Impact of aging on the SEU immunity of FinFET-based embedded memory systems

Abstract

Due to the rapid technology evolution, embedded computing systems have become a pervasive part of daily life, used for tasks ranging from cost-driven edge computing in the Internet of Things (IoT), up to high-end critical applications (such as aerospace and defense). However, no matter which electronic system the memories are embedded in, they tend to occupy up to 90 % of the total area of the silicon wafer. On the other hand, accelerated aging (bias-temperature instability: BTI) due to technology scaling has become a major factor in degrading memory immunity to transient faults (single-event upsets: SEUs). In this scenario, memory reliability concerns have been brought to the forefront.
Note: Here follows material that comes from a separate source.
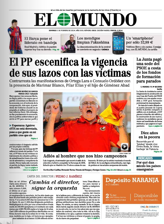 Última portada del diario El Mundo bajo la dirección de Pedro J. Ramírez. Según pudo saber esRadio, hasta la redacción acudieron el sábado por la tarde sesenta redactores que quisieron acompañar a su director en el montaje de su última portada.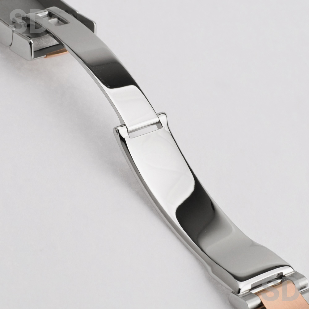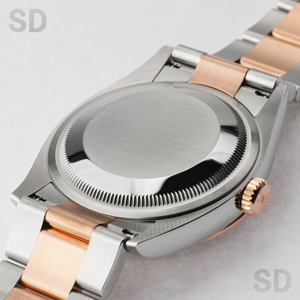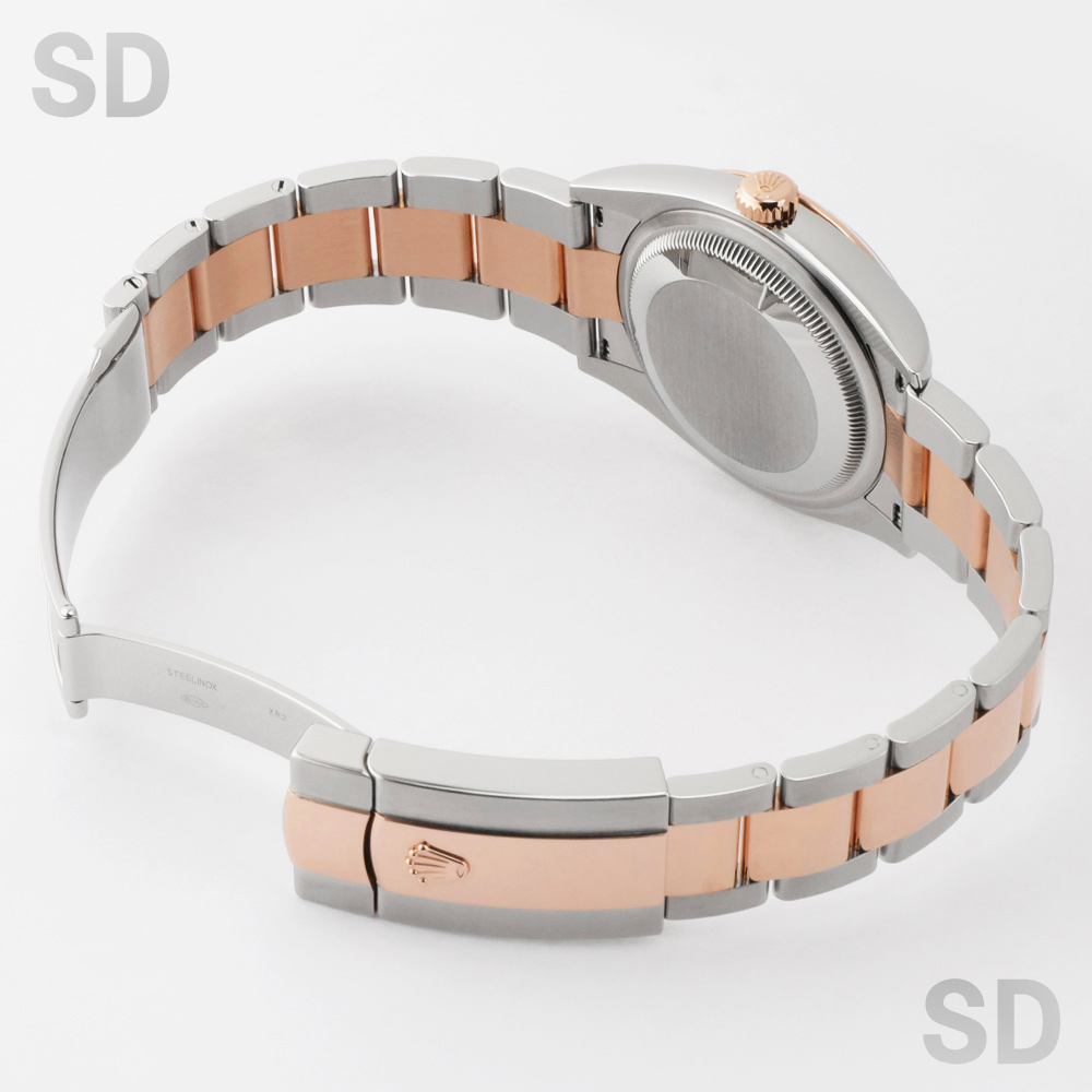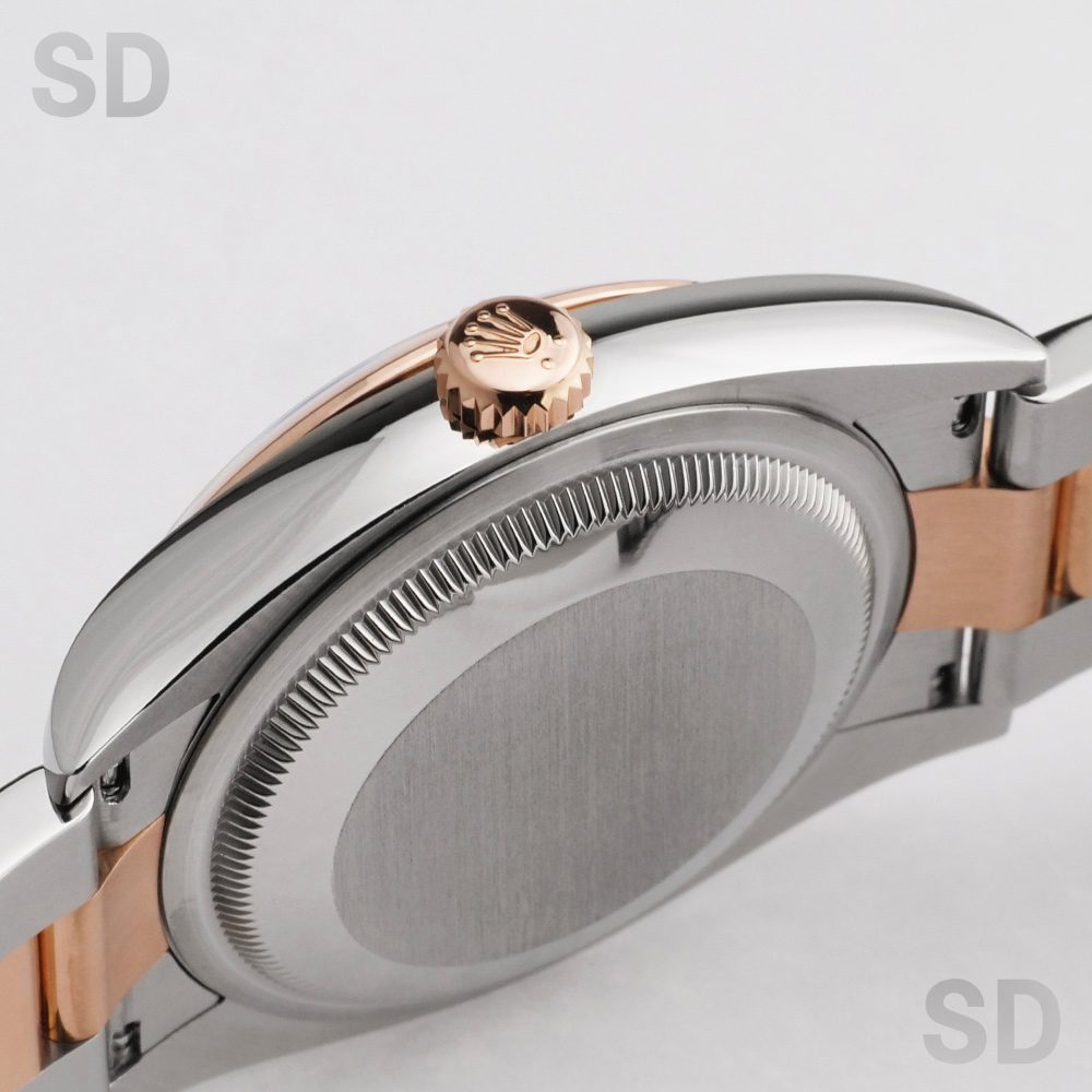 本モデルは、エバーローズゴールドとステンレススチールを組み合わせたロレゾール(コンビ)仕様を採用。ツルっとしたドーム型のスムースベゼルに、堅牢性の高いオイスターブレスレットが装着され、文字盤にはすでに生産が終了しているROLEXのモチーフが繊細にあしらわれたチョコカラーのコンピューターを配し、インデックスには上質なダイヤモンドをセッティングされ、華やかさの中に気品を感じさせる洗練された佇まいが魅力の時計でございます。

In the light of the above mentioned, this paper analyses the impact of aging on the SEU immunity of 14 nm FinFET SRAM cell-based embedded memory systems. Experimental results based on HSpice simulations have shown that under certain operating conditions, for 10-year life span, the 6 T SRAM cell SEU immunity can degrade by 58.9 % with respect to the fresh cell (not aged). Moreover, cell aging is strongly dependent on parameters like the temperature in which the cell is operating, as well as the frequency by which the content stored in the cell is inverted during its lifetime. A 256MByte memory system was designed. Simulations indicate that the Mean Time Between Failures (MTBF) of this memory system can degrade up to 23.4 % after a period of 10 years.